Creyó que se encontraba al borde de la muerte. Había visto a aquella mujer hermosa, de acento foráneo, recorrer la sala fumando y llorando, quizá tan desesperada como ella. Se sintió la persona equivocada en el lugar equivocado. Y le había prometido a la Virgen de Pompeya que si le salvaba la vida, ella no lo vería nunca más. Poco después, el médico había aparecido sonriente; y hasta había dejado de llover.

Enrica nunca había sido muy religiosa, pero tuvo la impresión de que aquel era un signo inequívoco. Se había levantado y se había marchado corriendo, mientras la señora, la tata y el sargento rechoncho se precipitaban a la habitación de Ricciardi para verlo respirar.

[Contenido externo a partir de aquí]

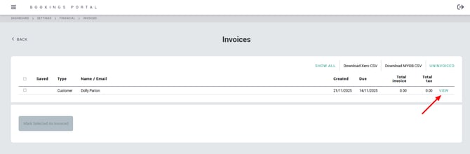 To open a finalised invoice, click VIEW on the line item on the Invoices page.

Se había marchado embargada por una mezcla de alegría y desesperación; la primera había desaparecido casi enseguida, la segunda seguía acompañándola.

A Enrica nunca le había preocupado demasiado su futuro. Siempre había pensado que si le estaba destinado un hombre, tarde o temprano, ese hombre habría llegado y ella lo habría intuido con solo mirarlo; no se habría conformado con ningún otro. Antes hubiera preferido quedarse sola.

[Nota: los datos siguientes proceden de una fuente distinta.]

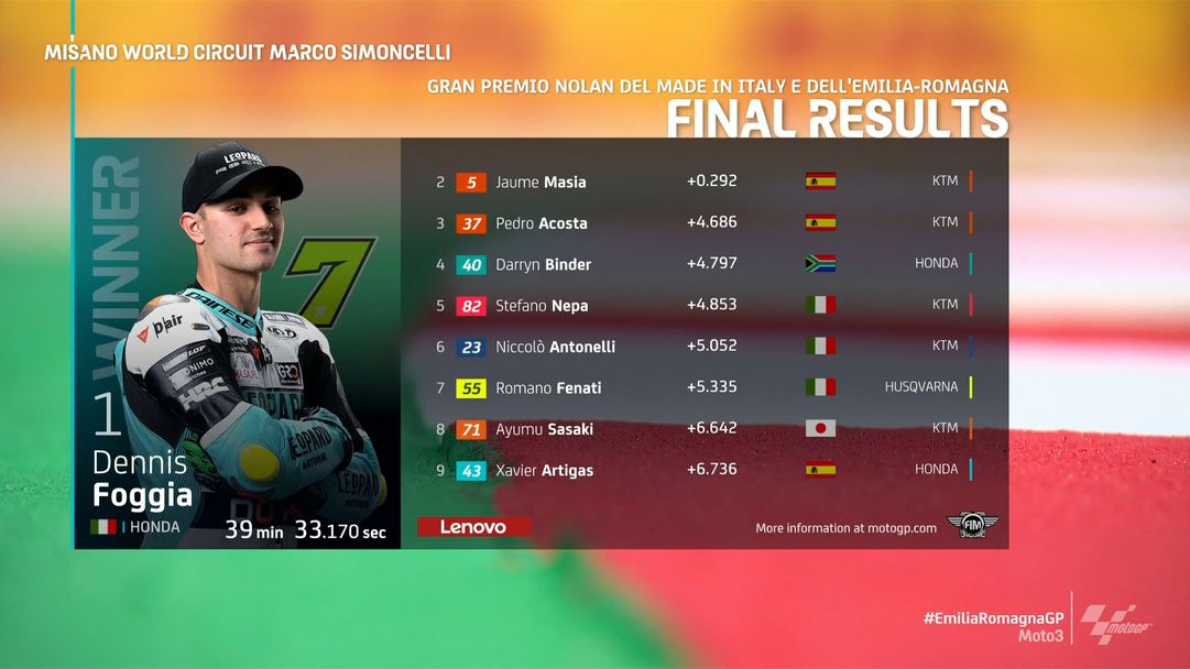Фоджа започна второто състезание за годината на „Мизано“ от 14-о място на стартовата решетка, но с едно прекрасно каране пред родна публика се добра до челото още в средата на дистанцията. След като пое водачеството десетина обиколки преди края на състезанието италианецът не погледна назад и стигна до трети успех в три старта в Италия през 2021.

Una idea romántica, de muchachita; pero era su idea y a ella se atenía. La confirmación le llegó un año antes, cuando se había fijado en el hombre que la miraba, de pie, desde la ventana de enfrente; ese era el elegido. Había llegado.

Y ahora lo había perdido. Lo había arrojado por voluntad propia a los brazos de la hermosa forastera, sin pelear siquiera.

Fue tan grande su frustración que los ojos se le llenaron de lágrimas. Para que su padre no las viera, se volvió hacia la puerta entreabierta de la tienda y vio a Ricciardi entrar en la iglesia de San Ferdinando.